Speaking at an event in Ankara, jointly organized by the Research Center on Asylum and Migration (İGAM) and the Turkish Journalist Association (TGC), Katharina Lumpp, UNHCR Turkey representative, stressed Turkey's position as the largest refugee host country.
Lumpp said that the country very proactively engages in the process of global consultation on refugees.
She also drew attention to the drastic increase in the number of refugees, especially in the last five years, saying that 68 million are displaced globally due to conflicts, civil wars and human rights violations.
Turkey hosts the largest number of refugees worldwide, with 3.5 million people, the majority being those who fled the Syrian civil war.
Lumpp praised Turkey's legislation and system and its efforts in various areas including education, healthcare and social services toward refugees, adding that many of practices of Turkey on refugees provided "a significant input in diplomatic consultations."

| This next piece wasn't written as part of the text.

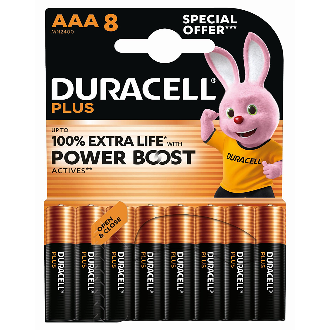 | Libellé | Piles AAA Duracell Plus x8 Spécial Offer - Alcalines 1,5V - Idéales pour les appareils du quotidien - Emballage 0% plastique - Conservation 10 ans - |

"Turkey has, unlike many large refugee-host countries, a comprehensive legal framework for temporary and international protection [for refugees]. It has been working progressively as it is a very young legislation adopted in 2014," she said.
In April 2013, Turkey's first ever asylum law, the Law on Foreigners and International Protection, was endorsed by the Parliament and entered into force on April 11, 2014. The law sets out the main pillars of Turkey's national asylum system and established the Directorate General of Migration Management (DGMM) as the main entity in charge of policy making and proceedings for all foreigners in Turkey.
Turkey also adopted the Temporary Protection Regulation on Oct. 22, 2014, which sets out the rights and obligations along with procedures for those who are granted temporary protection.
Since then, refugee children were given the right to attend public schools in Turkey and refugees gained the right to work legally.
Also, since 2013, health care services have been provided for Syrians all over the country.
Lumpp added that these regulations allow U.N. agencies and donor countries and partners to support the "system" when assisting refugees.
"It is also strengthening the national system and capacities in education, health care and social services," she said.
Highlighting the importance of Turkey's efforts on a registration and identification system for Syrians and others in the country seeking protection, Lumpp said that another aspect that Turkey has also promoted "very strongly" is its investment in refugees wanting access to higher education.
"One important aspect, which is maybe something not so visible here, is that Turkey is one of the few host countries that deliberately prioritizes investment in higher education by providing university scholarships to refugees. Normally, only about 1 percent of the refugee population globally has access to university education. In Turkey, it is 3-4 percent," she said.